Search code examples
linuxoperating-systemsystem-callscpu-architecture

Are Linux system calls executed inside an exception handler?


I understand that after entering a system call with e.g. syscall, int 0x80 (x86/x86-64) or svc (ARM) instruction, we stay in the calling process context (but switch from user to kernel mode) from Linux kernel point of view. However, from hardware point of view, we jump into a syscall/svc/... exception handler. Is the whole system call code executed inside the exception handler in Linux?


Solution

  • Using the terminology that's common for 80x86 (from Intel's manuals, etc); the CPU has a "current privilege level" (CPL) that determines if code is restricted or not (e.g. if privileged instructions are permitted or not), and this is the basis of "user-space vs. kernel space". The things that trigger a switch from CPL=3 ("user space") to CPL=0 ("kernel space") are:

    • exceptions, which typically indicate that a problem (e.g. division by zero) was detected by the CPU

    • IRQs, which indicate that a device needs attention

    • software interrupts, call gates, and the syscall and sysenter instructions.
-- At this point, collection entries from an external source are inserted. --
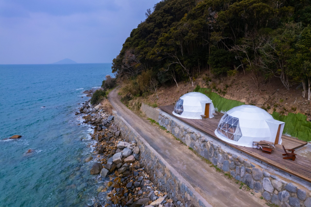 糸島の美しい海を目の前にした「LASPARK RESORT」は、家族連れにぴったりのグランピング施設です。ここでは、自然の中で贅沢な時間を過ごすことができ、子どもたちも大喜び間違いなし。広々としたテントは、快適さとスタイルを兼ね備えており、家族での宿泊に最適です。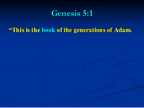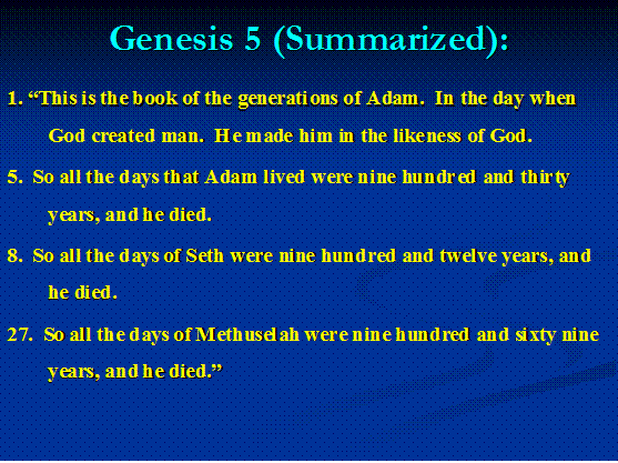 at Genesis 5, the genealogy of the first generations of man. Genesis 5 lists the ten Biblical patriarchs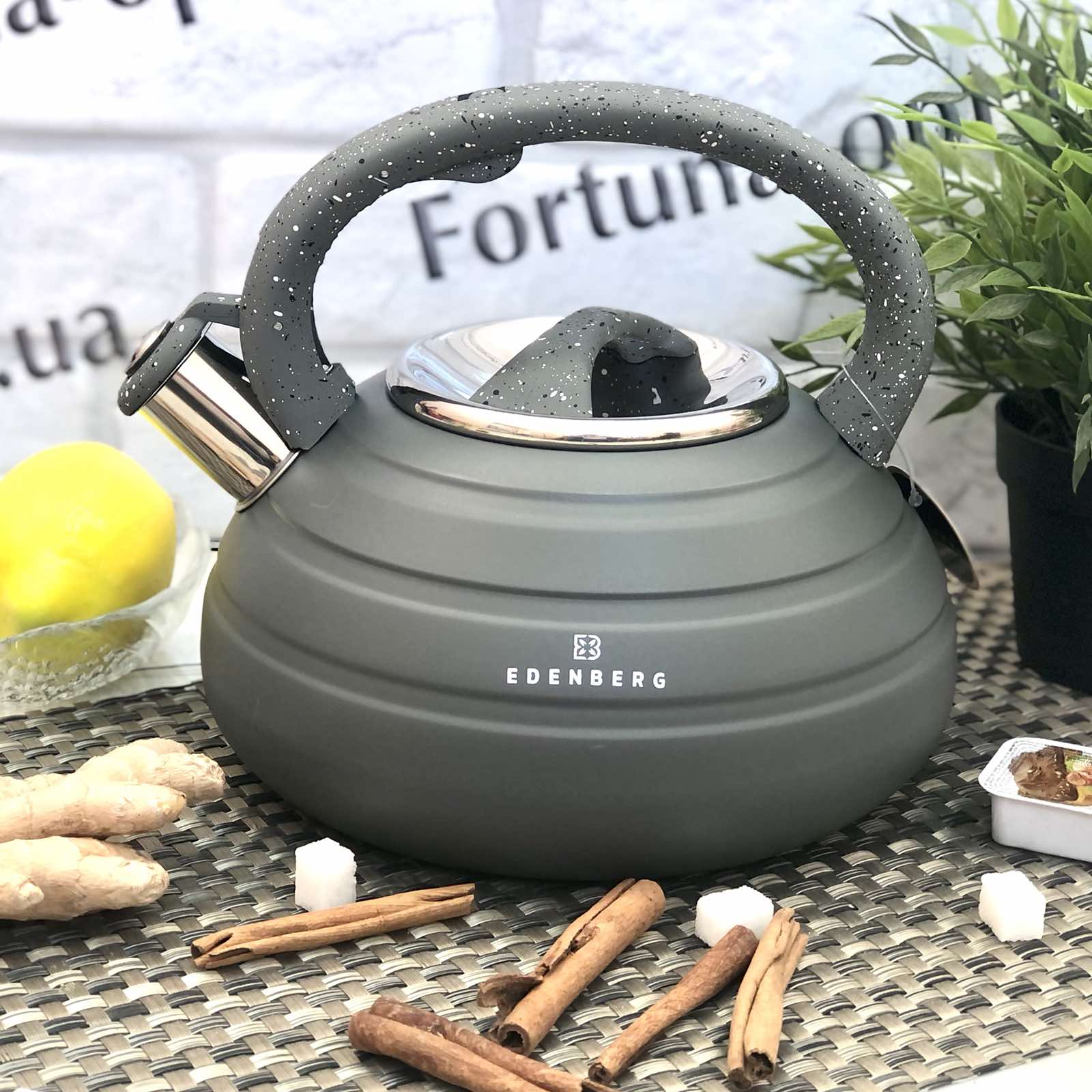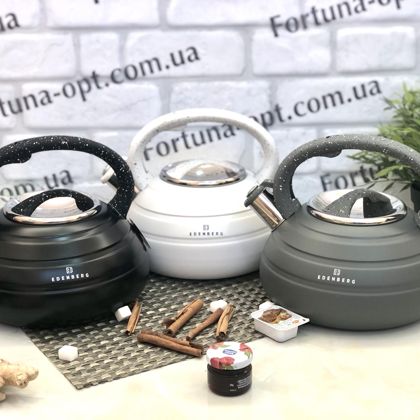 Чайник со свистком из нержавеющей стали объемом 3 литра. 3 цвета: белый, серый, черный. Ручка бакелитовая с мраморной окраской. Подходит для всех видов плит, включая индукционные плиты.Особенности чайника из нержавейки Edenberg EB - 8841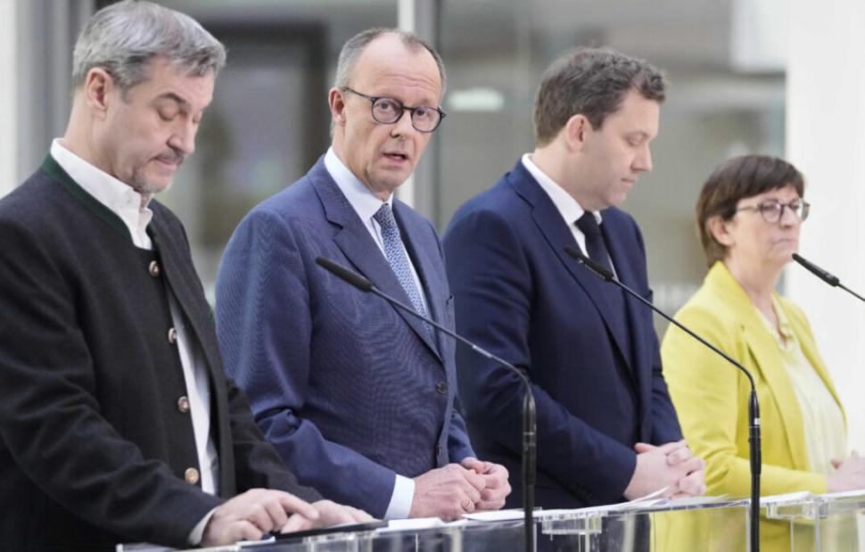 Ενόψει της εσωτερικής αλλά και της διεθνούς συγκυρίας, οι διερευνητικές συνομιλίες ολοκληρώθηκαν ασυνήθιστα γρήγορα και οι αρχηγοί των τριών κομμάτων, ο κατά πάσα πιθανότητα επόμενος καγκελάριος Φρίντριχ Μερτς (CDU), ο Μάρκους Ζέντερ (CSU) και ο Λαρς Κλινγκμπάιλ (SPD), ανακοίνωσαν πριν από λίγο την συμφωνία τους στα δύο βασικά ζητήματα πολιτικής, τη μετανάστευση και την οικονομία.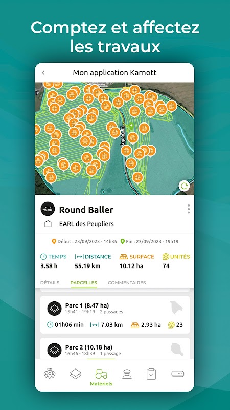 Aratura, semina, raccolta, coltivazione delle stoppie, diffusione, falciatura, pressatura, ... Karnott registra automaticamente tutte le attività.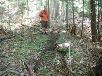 Below are two photos which were provided to me by Michael Parker c2014. They provide two views of the former pipe, in situ, on its north end not far from the former mill site. The individual in the photo may be Jonathon Riley, formerly a reporter for The Digby Courier, and the individual who hiked, solo, across Nova Scotia in Dec 2020!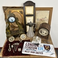 Mixed items including clocks (as found), a picture frame, claret jug etc

These are all different ways for software to explicitly ask the OS/kernel for something (kernel system calls) where different operating systems/kernels may only support some or one of them (64-bit code will only need syscall and all the other alternatives probably won't be supported by the OS/kernel unless it's trying to provide backward compatibility for obsolete 32-bit stuff).

    • Task gates (obsolete, not supported for 64-bit and not used by any well known 32-bit OS).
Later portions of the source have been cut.